▸ **INFORMATION PROVIDED**:
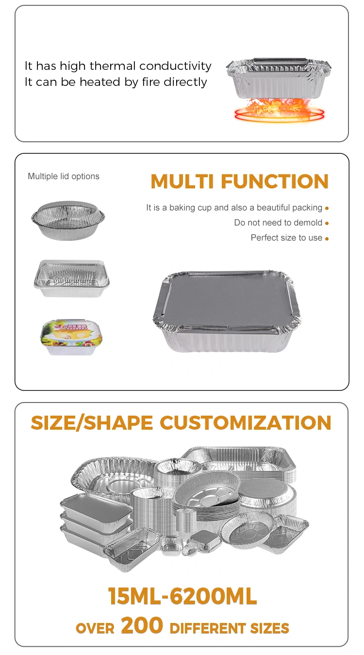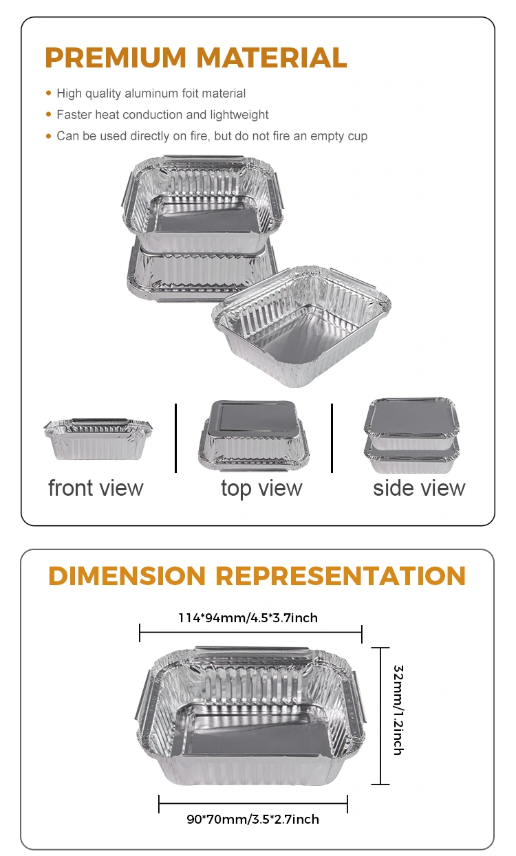 Lisaks on see ühekordselt kasutatav grill -lõunakast hõbedase alumiiniumfooliumi anum äärmiselt ohutu, kuna seda saab tavaliselt kasutada avatud leegi all, ilma et peaksite üldse tuleohtusid muretsema. Samal ajal annavad selle suurepärane temperatuurikindlus ja tihendamine ka toidu ohutu transpordi garantii, võimaldades tarbijatel ja klientidel seda rohkem enesekindlalt kasutada.
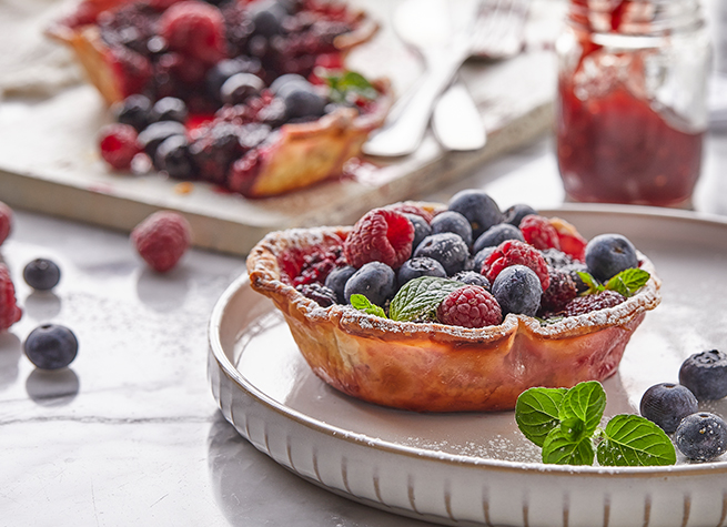 Cortar el disco de hojaldre y forrar los moldes, los recortes se pueden volver a amasar y reutilizar. Con ayuda de un tenedor pinchar las bases. Rellenarlas con la mermelada y decorar con los frutos rojos previamente pasados por azúcar. Pincelar los bordes de la masa con huevo y llevar a horno precalentado durante unos 20 minutos aproximadamente hasta dorar. Retirar, enfriar, desmoldar y servir con unas hojitas de menta.
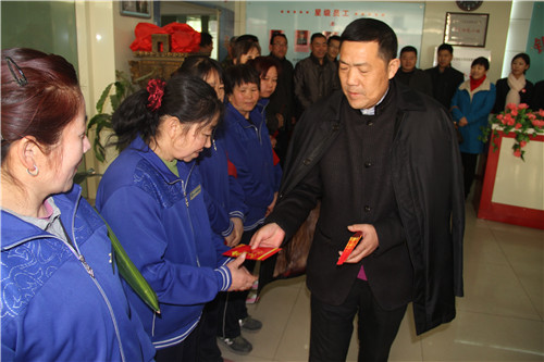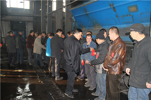 2015年2月17日清晨八時(shí),在春節(jié)前夕,萬家團(tuán)圓的美好日子里,雷光新董事長(zhǎng)心系一線員工,帶領(lǐng)集團(tuán)公司高層管理人員,慰問熱力公司司爐工和物業(yè)公司秩序維護(hù)員和保潔員。
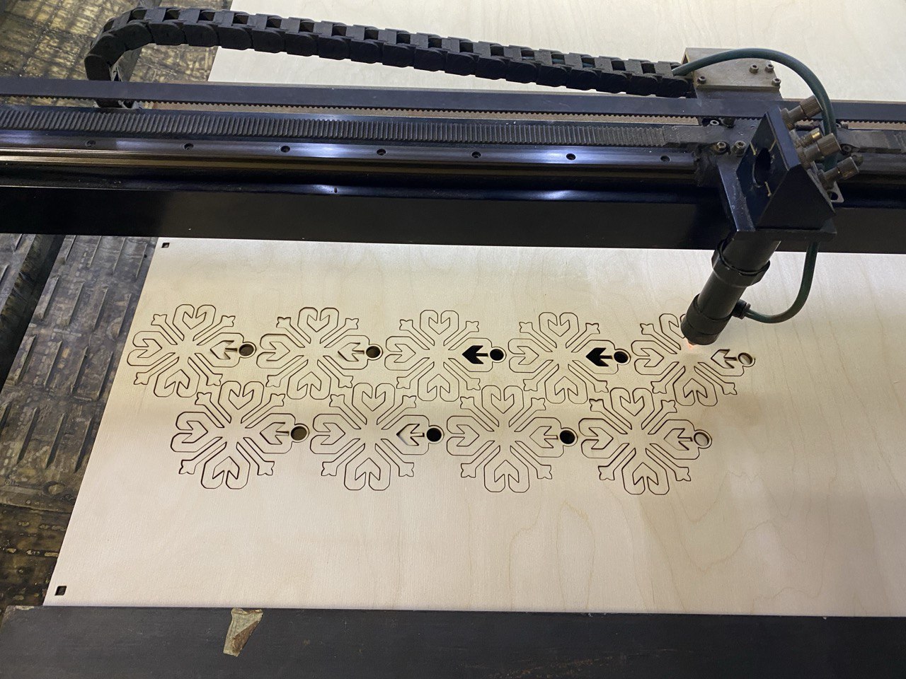 Наше сучасне обладнання має робочу зону 1300 × 900 мм, що дозволяє виконувати як дрібні вироби, так і великі елементи.

▸ **YOUR OBJECTIVE**: All lines from the first in the listing above to the line containing "Cortar el disco", inclusive, go in the output exactly as they are; no pictures go in.

▸ **RESPONSE AREA**:
 Lisaks on see ühekordselt kasutatav grill -lõunakast hõbedase alumiiniumfooliumi anum äärmiselt ohutu, kuna seda saab tavaliselt kasutada avatud leegi all, ilma et peaksite üldse tuleohtusid muretsema. Samal ajal annavad selle suurepärane temperatuurikindlus ja tihendamine ka toidu ohutu transpordi garantii, võimaldades tarbijatel ja klientidel seda rohkem enesekindlalt kasutada.
 Cortar el disco de hojaldre y forrar los moldes, los recortes se pueden volver a amasar y reutilizar. Con ayuda de un tenedor pinchar las bases. Rellenarlas con la mermelada y decorar con los frutos rojos previamente pasados por azúcar. Pincelar los bordes de la masa con huevo y llevar a horno precalentado durante unos 20 minutos aproximadamente hasta dorar. Retirar, enfriar, desmoldar y servir con unas hojitas de menta.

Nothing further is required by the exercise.